• Assignment: Could you transcribe exactly the lines below, from the line with "На концы рычага" through the line with "This has been", and nothing else, leaving out the pictures?

BEGIN Material for the task

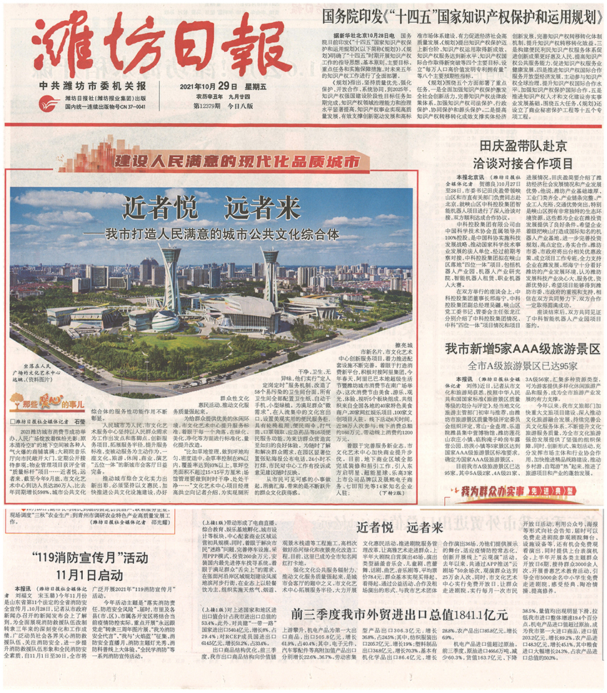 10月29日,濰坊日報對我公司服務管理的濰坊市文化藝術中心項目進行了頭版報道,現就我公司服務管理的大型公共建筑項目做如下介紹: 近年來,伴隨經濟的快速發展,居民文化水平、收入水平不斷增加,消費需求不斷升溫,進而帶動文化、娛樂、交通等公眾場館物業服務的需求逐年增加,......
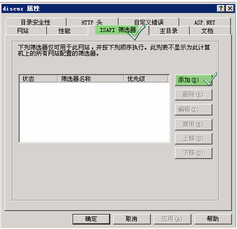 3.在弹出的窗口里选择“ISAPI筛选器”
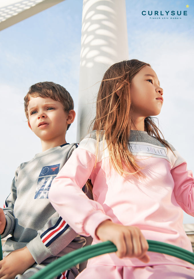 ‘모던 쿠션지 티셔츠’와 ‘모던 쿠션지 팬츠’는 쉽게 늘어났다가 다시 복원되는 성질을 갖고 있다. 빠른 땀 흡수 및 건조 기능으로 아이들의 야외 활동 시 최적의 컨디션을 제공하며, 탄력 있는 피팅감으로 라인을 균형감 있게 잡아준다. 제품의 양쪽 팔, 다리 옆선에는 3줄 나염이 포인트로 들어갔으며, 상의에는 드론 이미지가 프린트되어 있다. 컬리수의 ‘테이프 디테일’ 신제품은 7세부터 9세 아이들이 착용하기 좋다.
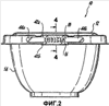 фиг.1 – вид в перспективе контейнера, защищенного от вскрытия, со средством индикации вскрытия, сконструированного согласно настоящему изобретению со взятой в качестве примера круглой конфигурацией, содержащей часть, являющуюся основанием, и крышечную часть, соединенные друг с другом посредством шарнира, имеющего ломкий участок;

END Material for the task
BEGIN Material for the task

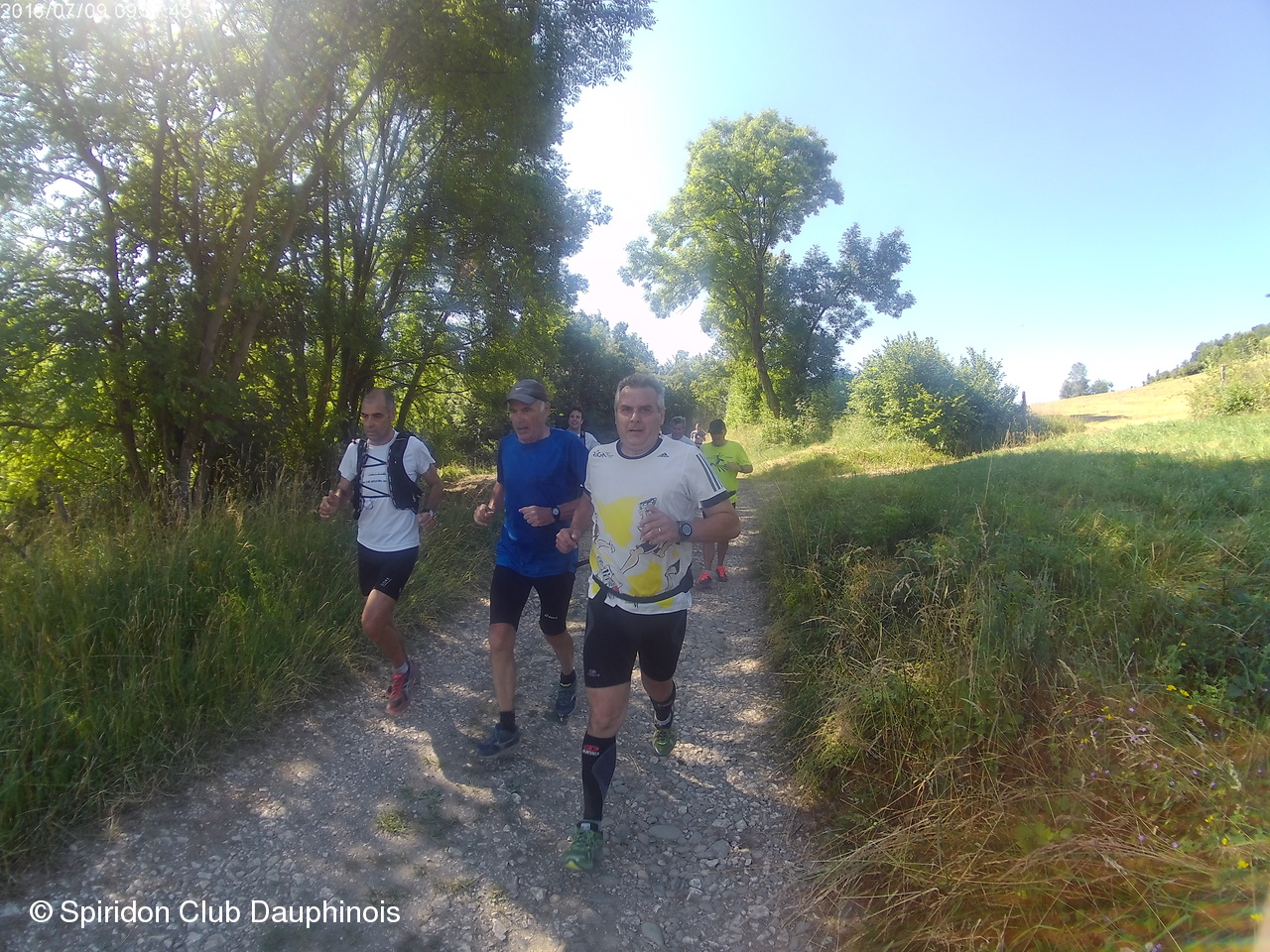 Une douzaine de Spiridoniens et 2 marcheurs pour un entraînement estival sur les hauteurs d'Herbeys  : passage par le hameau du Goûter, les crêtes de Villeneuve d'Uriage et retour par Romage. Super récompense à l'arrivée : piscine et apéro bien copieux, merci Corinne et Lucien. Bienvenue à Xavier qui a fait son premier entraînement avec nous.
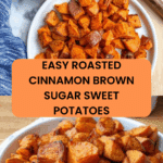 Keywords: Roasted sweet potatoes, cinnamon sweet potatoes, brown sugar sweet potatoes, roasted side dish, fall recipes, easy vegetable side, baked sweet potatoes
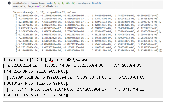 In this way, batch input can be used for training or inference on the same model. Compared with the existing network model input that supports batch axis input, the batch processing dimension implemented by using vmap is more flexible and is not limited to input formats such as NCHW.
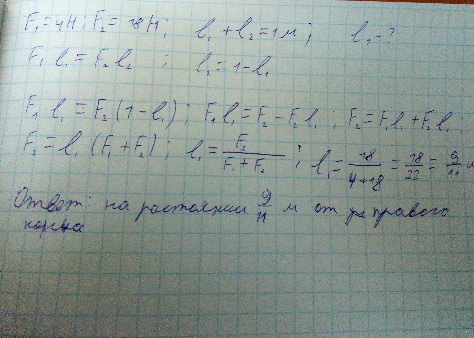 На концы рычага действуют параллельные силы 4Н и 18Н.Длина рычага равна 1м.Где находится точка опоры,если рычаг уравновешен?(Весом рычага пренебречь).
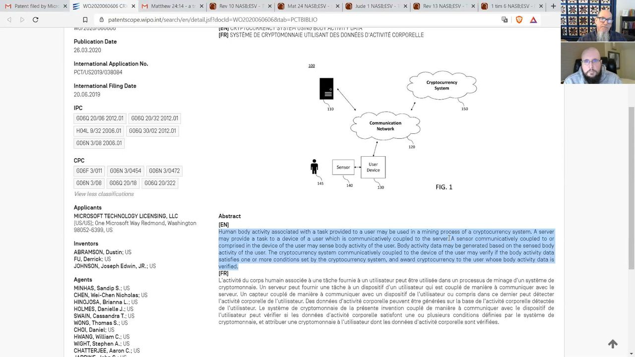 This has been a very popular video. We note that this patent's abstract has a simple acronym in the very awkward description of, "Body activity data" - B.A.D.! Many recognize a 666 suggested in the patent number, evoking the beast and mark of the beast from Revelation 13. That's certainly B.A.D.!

END Material for the task

• Result for this task:
 На концы рычага действуют параллельные силы 4Н и 18Н.Длина рычага равна 1м.Где находится точка опоры,если рычаг уравновешен?(Весом рычага пренебречь).
 This has been a very popular video. We note that this patent's abstract has a simple acronym in the very awkward description of, "Body activity data" - B.A.D.! Many recognize a 666 suggested in the patent number, evoking the beast and mark of the beast from Revelation 13. That's certainly B.A.D.!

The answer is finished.